- [Problem statement]:
Leaving out the pictures, return word for word the stretch of entries below from the line holding "Pagrindiniai privalumai: –" through the line holding "这是一款考验手速,反应力以及".

───── Entries shown

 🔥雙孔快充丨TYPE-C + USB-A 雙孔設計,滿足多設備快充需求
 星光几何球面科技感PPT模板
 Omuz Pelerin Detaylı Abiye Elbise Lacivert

──────────
───── Entries shown

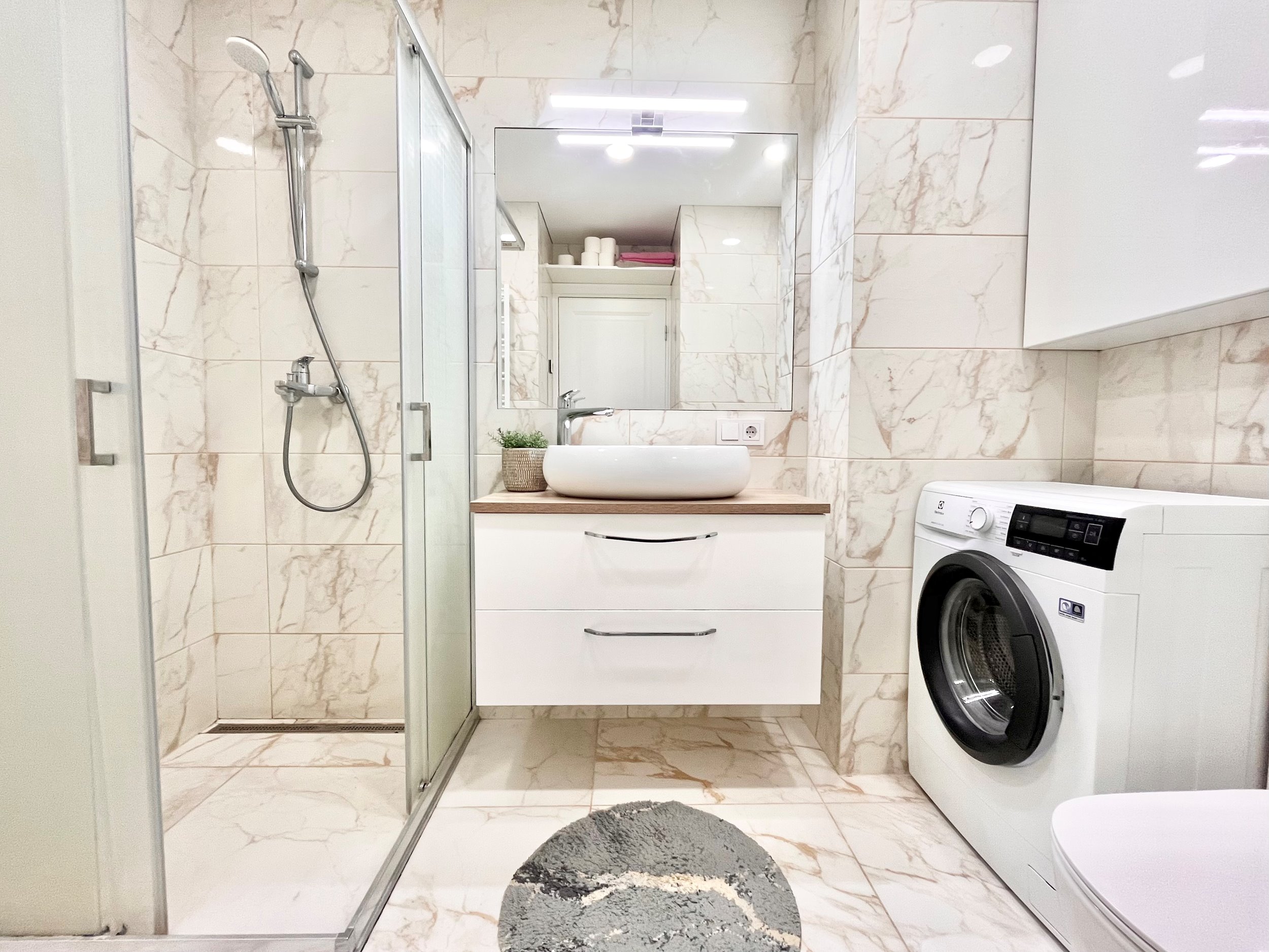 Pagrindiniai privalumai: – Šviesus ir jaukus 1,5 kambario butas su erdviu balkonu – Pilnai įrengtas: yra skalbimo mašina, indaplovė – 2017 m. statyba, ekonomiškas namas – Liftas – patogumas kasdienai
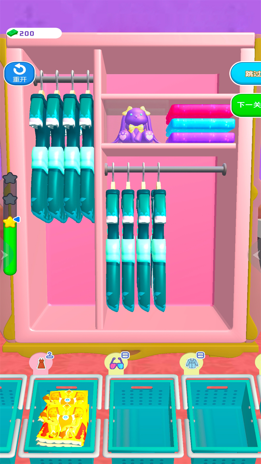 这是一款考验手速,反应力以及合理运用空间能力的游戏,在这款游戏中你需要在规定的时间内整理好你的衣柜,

──────────

- [Result for this task]:
 Pagrindiniai privalumai: – Šviesus ir jaukus 1,5 kambario butas su erdviu balkonu – Pilnai įrengtas: yra skalbimo mašina, indaplovė – 2017 m. statyba, ekonomiškas namas – Liftas – patogumas kasdienai
 这是一款考验手速,反应力以及合理运用空间能力的游戏,在这款游戏中你需要在规定的时间内整理好你的衣柜,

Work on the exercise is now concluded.